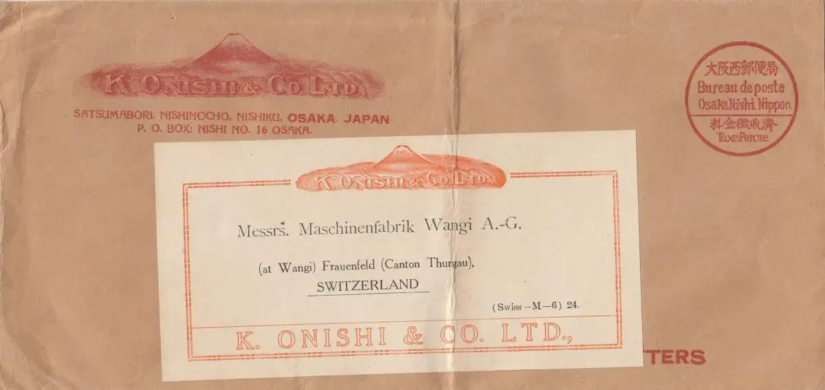 Japon unused cover Osaka Nishi to Frauenfeld/Switzerland
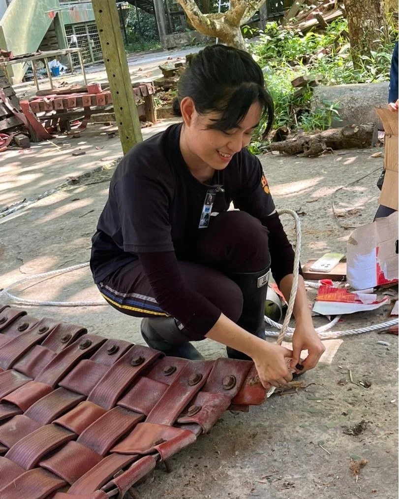 Those two weeks at BSBCC were packed with learning, hard work, and unforgettable moments. The tasks could be physically demanding, but the excitement of working with the bears made the tiredness fade away. Each day in the bear house came with a variety of duties such as cleaning cages, chopping mountains of fruit, crafting enrichment items, feeding the bears, inspecting fences, carrying out faecal checks, or even cleaning the drain underneath the bear house. We even get to make our own enrichment for our favourite bear (Mine is Kina)! The staff were warm, approachable, and always eager to share their knowledge. I especially enjoyed the moments when they introduced the bears to us, telling each one’s unique story as we worked alongside them. They were also always ready to lend a hand whenever we needed help.
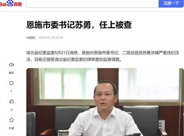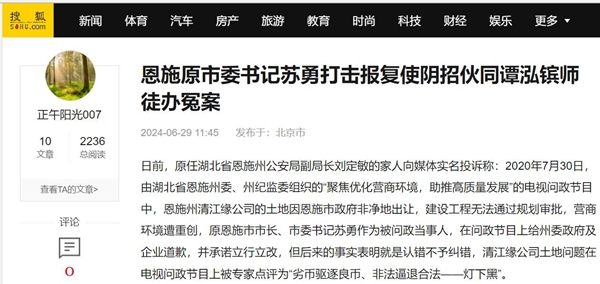 日前,原任湖北省恩施州公安局副局长刘定敏的家人向媒体实名投诉称:2020年7月30日,由湖北省恩施州委、州纪监委组织的“聚焦优化营商环境,助推高质量发展”的电视问政节目中,恩施州清江缘公司的土地因恩施市政府非净地出让,建设工程无法通过规划审批,营商环境遭重创,原恩施市市长、市委书记苏勇作为被问政当事人,在问政节目上给州委政府及企业道歉,并承诺立行立改,但后来的事实表明就是认错不予纠错,清江缘公司土地问题在电视问政节目上被专家点评为“劣币驱逐良币、非法逼退合法——灯下黑”。

Exercise prompt »
Transcribe only these lines, exactly: the first line of the listing, every line after it, and the line with "Those two weeks", where the copy ends. Include no picture.

Expected answer »
 Japon unused cover Osaka Nishi to Frauenfeld/Switzerland
 Those two weeks at BSBCC were packed with learning, hard work, and unforgettable moments. The tasks could be physically demanding, but the excitement of working with the bears made the tiredness fade away. Each day in the bear house came with a variety of duties such as cleaning cages, chopping mountains of fruit, crafting enrichment items, feeding the bears, inspecting fences, carrying out faecal checks, or even cleaning the drain underneath the bear house. We even get to make our own enrichment for our favourite bear (Mine is Kina)! The staff were warm, approachable, and always eager to share their knowledge. I especially enjoyed the moments when they introduced the bears to us, telling each one’s unique story as we worked alongside them. They were also always ready to lend a hand whenever we needed help.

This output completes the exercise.